The mating system of ferns seems to be determined by the balance between inbreeding depression and the advantages of selfing. Additionally, it appears that changes in the sexual expression pattern, timing, and the position of the reproductive organs on gametophytes can alter the ease of gametophytic selfing. As discussed previously11, the evolution of selfing via transmission advantage operates only under a low genetic load and predominant selfing is expected3. Therefore, the existence of mixed-mating even in the M-type populations suggests that reproductive assurance, rather than transmission advantage, is the main factor affecting the evolution of selfing in this species.

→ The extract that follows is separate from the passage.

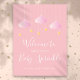 Perfecto para dar la bienvenida a amigos y familiares a una niña especial rociada, ducha o duchas de parejas. Con sus bonitas nubes rosas y sus estrellas doradas en las cuerdas, en un suave fondo rosado, esta señal de bienvenida de bonito es perfecta para todas las niñas pequeñas que están en camino. Diseñado por Thisisnotme©
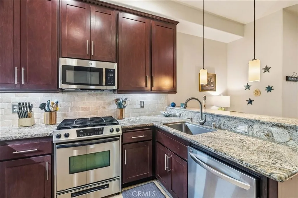 Step into refined coastal living at this elegant townhouse in the beautiful Trilogy at Monarch Dunes community. Beyond a gated courtyard is a 1,639 square foot home with 3 bedrooms, 2 full bathrooms, and a downstairs powder room. The open-concept main level connects the kitchen, dining room, and living room areas beneath recessed lighting anchored by a stone-surround fireplace adding warmth and character. A view of the tranquil monarch butterfly habitat is seen from the living room window. The kitchen features granite countertops with a stylish backsplash, a breakfast bar accented by pendant lighting, a gas stove, stainless steel appliances, and generous storage with shaker cabinets and a walk-in pantry. A dedicated laundry room with ample cabinetry leads to a two-car garage with built-in storage. Upstairs, the spacious primary suite includes a walk-in closet and opens through a glass sliding door to a private balcony. The ensuite bath offers dual sinks and a walk-in shower. Two additional bedrooms and a full bath provide space for family, guests, or a home office. The living space is enhanced by a skylight and abundant windows to provide plenty of natural light. Within Trilogy, residents enjoy a wealth of resort-style amenities including an 18-hole golf course, 12-hole challenge course, Adelinas Bistro, The Butterfly Grill, Sandalwood spa, a heated lap pool, art studio, and courts for tennis, pickleball, and bocce ball along with many other amenities for an exceptional blend of leisure and luxury living.

If this is the case, populations of subsp. littorale are expected to harbor sufficient genetic load to avoid the positive feedback process of selfing evolution driven by transmission advantage3. If genetic diversity and inbreeding depression increased in selfing populations that have been stable for a long time as a result of migration, it would be possible for them to change their sexual expression toward enhancing outcrossing, especially in populations that were not completely selfing.

Conclusion

This study successfully showed that C. falcatum subsp. littorale underwent a population bottleneck during the last glacial period, which appears to have induced the divergence of C. falcatum subsp. littorale and australe. The evolution of selfing may have been favored by reproductive assurance during rapid range expansion after the last glacial period. This is the first study to address the relationship between mating system evolution and range expansion after a glacial period based on demographic inferences, and it sheds new light on mating system evolution and ecological dynamics in both ferns and other plant species.